Records for the exercise

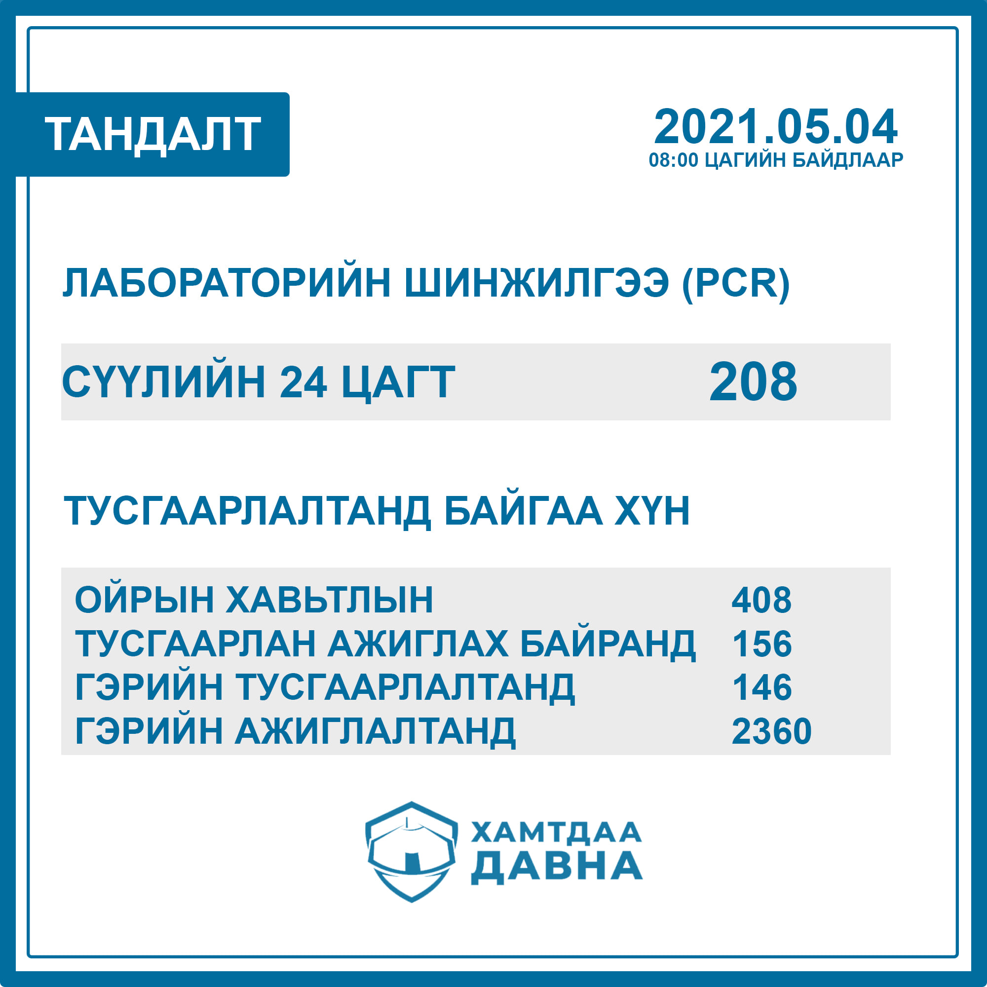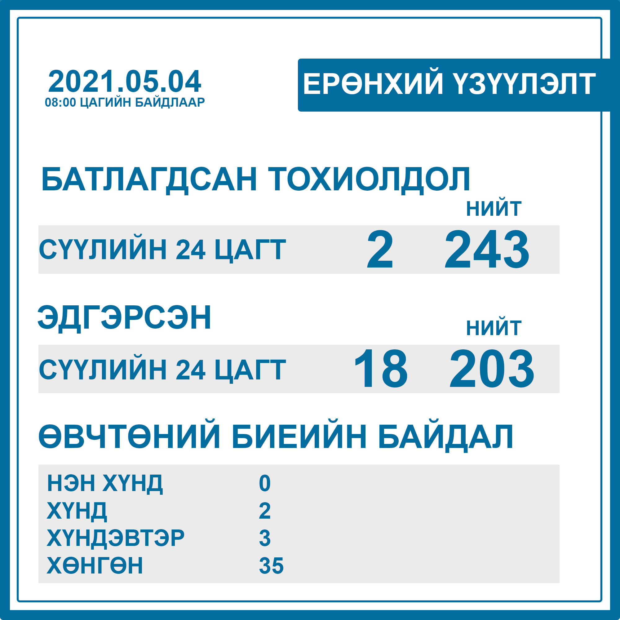 Тодруулбал, Бүсийн оношилгоо эмчилгээний төвийн Вируслогийн салбар лабораторид энэ сарын 2-3-ний өдөр нийт 208 сорьцод PCR шинжилгээ хийхэд хоёр иргэнээс коронавирус илэрсэн байна. Тухайн иргэд халдвартай иргэний ойрын хавьтал болсон тул тусгаарлан ажиглах байранд тусгаарлагдаж байжээ. Өнөөдрийн байдлаар тус аймагт ойрын хавьтал 408 иргэн тусгаарлагдаж байгаа аж. Харин сүүлийн 24 цагийн хугацаанд халдварын улмаас хэвтэн эмчлүүлж байсан 18 иргэн бүрэн эдгэрч, эмнэлгээс гарчээ.
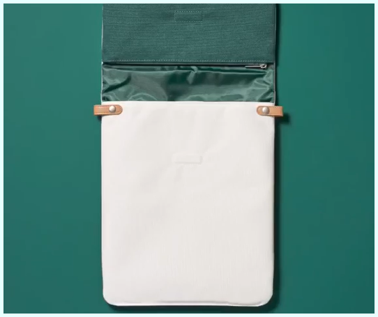 이 크로스백은 로우로우와 협업한 제품입니다 탈부착이 가능한 가방끈이 포함되어 있습니다 가방을 접어서 사용할수도 있습니다 참고사진을 남기도록 할게요 태블릿으로는 11인치 정도 들어갈 사이즈로 보입니다 이제품의 다른 특징으로는
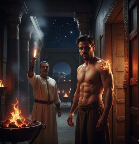 Меня ввели в комнату, где воздух был тяжёлым и горьким от дыма. В жаровне угли светились, как глаза демонов в преисподней. Жрец в белых одеждах поднял из огня раскалённое железо. Конец металла был белым, почти прозрачным от жара.
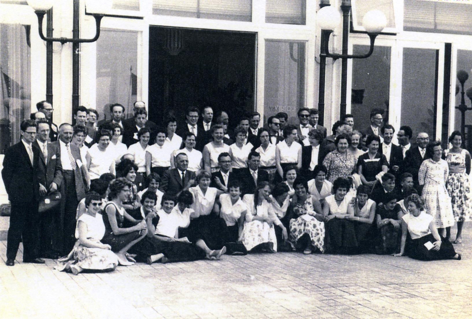 Staand v.l.n.r.: Jan van Roij, Sjaak Houët, Marinus Smits, Mieke Gijsbers, Joke Smits, vd Voort, Toos Houët, Corrie van de Elsen, Kitty Vos, Jo Hagelaar, Lenie Houët, 12?, Riek Gijsbers, 14 Marieke de Bont-Houët, Beb Verhallen, Goen van Hoof, Gerard Barten, Rienie van Gameren, Jan van Roij, Lea van Gerwen.
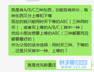 抛开游戏攻略这一点,如果是养娃,那么当爹妈的在经济能力有限的情况下,是会降低质量要求,尽可能地满足数量要求呢?还是先尽量买最好的,一样一样地凑齐“顶级装备”呢? 【不是很懂我一个十九岁的单身狗想这个干什么】 朋友的想法是“再苦不能苦孩子,既然要买就要给它最好的”。我的想法是先买最便宜的以最快速度收集齐不同的道具,有钱(三叶草)之后再重新买更好的同类型道具。 我决定去问问那些真正当了父母的前辈们怎么想。 问题大概如下图。
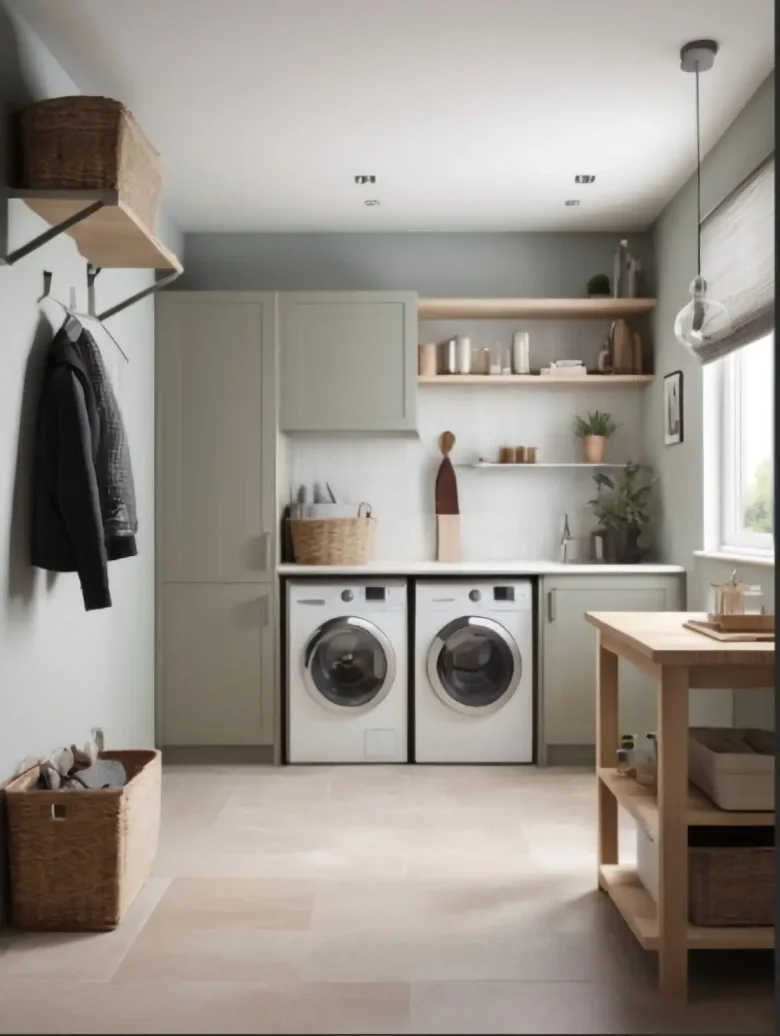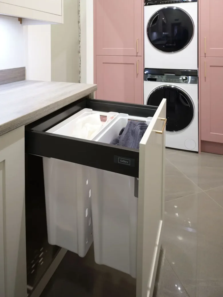 Laundry days are no longer such a chore with stylish storage hiding the washing pile and the ironing board.
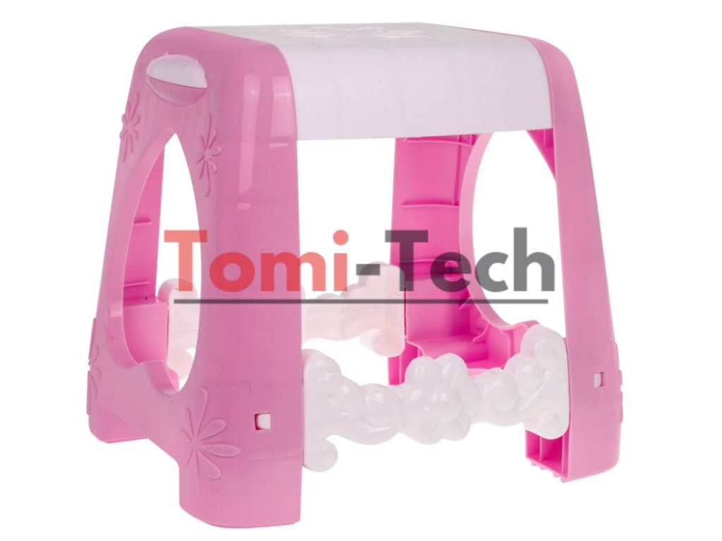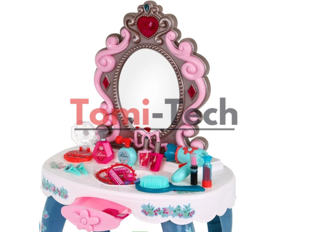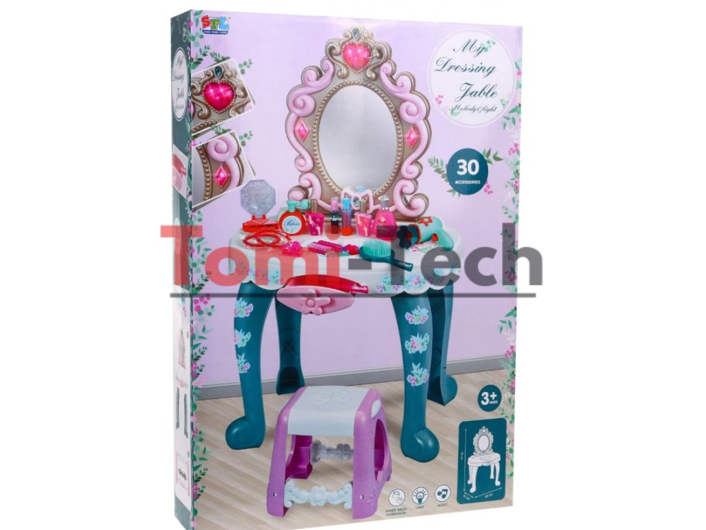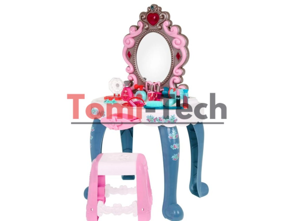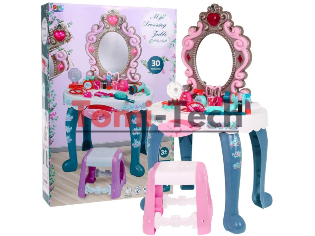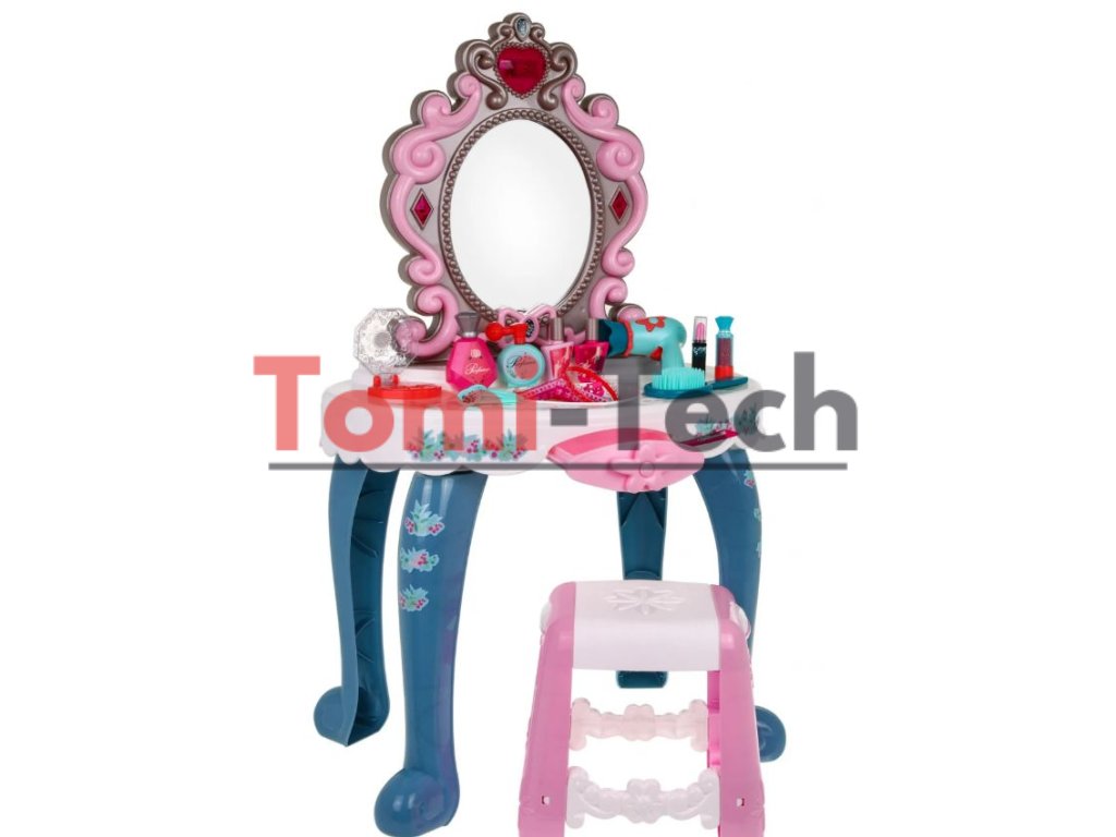 Interaktívny toaletný stolík so zrkadlom, taburetkou a doplnkami pre malú princeznú. Hračka má funkciu zvuku (tri melódie) a svetla (srdiečko nad zrkadlom a dva diamanty po stranách zrkadla). Všetka kozmetika v súprave je atrapa.

Prompt
Return the stretch of data that begins with the line showing "Меня ввели в" and goes on through the line showing "Staand v.l.n.r.: Jan", exactly, with pictures removed.

Task answer
 Меня ввели в комнату, где воздух был тяжёлым и горьким от дыма. В жаровне угли светились, как глаза демонов в преисподней. Жрец в белых одеждах поднял из огня раскалённое железо. Конец металла был белым, почти прозрачным от жара.
 Staand v.l.n.r.: Jan van Roij, Sjaak Houët, Marinus Smits, Mieke Gijsbers, Joke Smits, vd Voort, Toos Houët, Corrie van de Elsen, Kitty Vos, Jo Hagelaar, Lenie Houët, 12?, Riek Gijsbers, 14 Marieke de Bont-Houët, Beb Verhallen, Goen van Hoof, Gerard Barten, Rienie van Gameren, Jan van Roij, Lea van Gerwen.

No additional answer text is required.